As placas de ACM (Aluminium Composite Material) — material também conhecido como alumínio composto — são formadas por duas chapas de alumínio e uma de polietileno de baixa densidade em seu núcleo. Esse é um material reconhecido no mercado por ser leve, porém altamente resistente, conforme sua pintura

O ACM é um produto versátil e de grande qualidade estética, por isso, vem ganhando bastante espaço no mercado de construção civil, decoração de interiores e de comunicação visual. De modo geral, ele costuma ser bastante utilizado como revestimento de fachadas, sejam elas industriais, comerciais ou residenciais, e em peças de comunicação, como painéis luminosos, totens, sinalização, entre outras. 

O que é ACM material?

ACM é a sigla de Aluminium Composite Material, ou material composto de alumínio. O painel possui uma estrutura formada por duas lâminas externas de alumínio unidas a um núcleo intermediário, que pode apresentar diferentes composições conforme o produto.

Essa construção resulta em um material relativamente leve e rígido, que pode ser cortado, fresado, dobrado e conformado. Por isso, o ACM aparece tanto em projetos arquitetônicos quanto em aplicações de comunicação visual.

Entre os usos mais comuns estão fachadas comerciais e corporativas, revestimentos, painéis, totens, elementos de sinalização, displays e projetos especiais.

Quais são os principais tipos de ACM?

Não existe apenas uma classificação para o ACM. Na prática, as chapas podem ser diferenciadas principalmente pela espessura, pela composição do núcleo, pelo sistema de pintura e pelo acabamento superficial.

CritérioPrincipais variaçõesO que observar
EspessuraDiferentes espessuras totais e de lâmina de alumínioDimensão da peça, rigidez, vão, vento e tipo de aplicação
NúcleoPolimérico convencional ou com carga mineral/FRDesempenho esperado e requisitos de segurança
PinturaPoliéster ou PVDFAmbiente interno ou externo e exposição às intempéries
AcabamentoCores sólidas, metálicas, texturas e efeitos especiaisIdentidade visual, estética e aplicação
Superfície para impressãoChapas compatíveis com impressão diretaProcesso de impressão, tinta e tratamento superficial

Essas características precisam ser avaliadas conjuntamente. Escolher o ACM apenas pela cor, pela espessura nominal ou pelo preço pode levar a uma especificação inadequada.

Normas técnicas para ACM: o que verificar?

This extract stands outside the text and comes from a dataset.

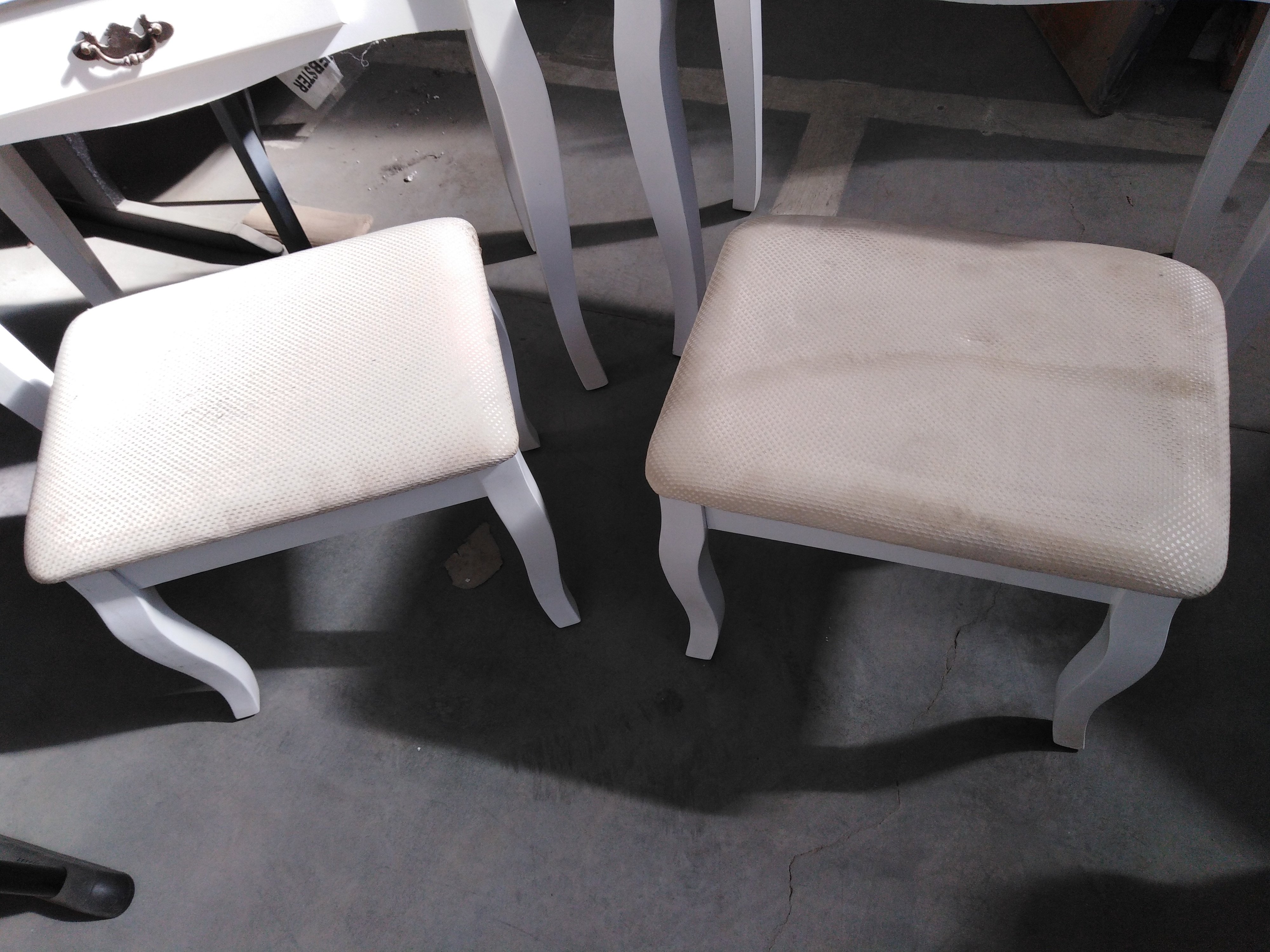 Описание товара без дефектов: Туалетный столик с 3 выдвижными ящиками и зеркалом с поворотным механизмом. Пуф с мягким сиденьем в комплекте. Материал: МДФ/дерево, обивка - ткань. Цвет: дерево - белый (white), ткань - бежевый. Размеры: 76х40,5х135,5 см

Um ponto importante do conteúdo é que existe uma norma brasileira específica para painéis de material composto de alumínio utilizados em fachadas e revestimentos arquitetônicos.

A ABNT NBR 15446 — Painéis de chapas sólidas de alumínio e painéis de material composto de alumínio utilizados em fachadas e revestimentos arquitetônicos — Requisitos estabelece requisitos relacionados a esse tipo de aplicação.

Projetos de fachadas também precisam considerar outros requisitos técnicos. A ação do vento, por exemplo, é tratada pela ABNT NBR 6123:2023 — Forças devidas ao vento em edificações.

Já as exigências relacionadas à segurança contra incêndio dependem da edificação, da aplicação e das regras aplicáveis em cada localidade. Em determinados projetos, classificações e métodos internacionais, como EN 13501 e ASTM E84, também podem aparecer nas especificações.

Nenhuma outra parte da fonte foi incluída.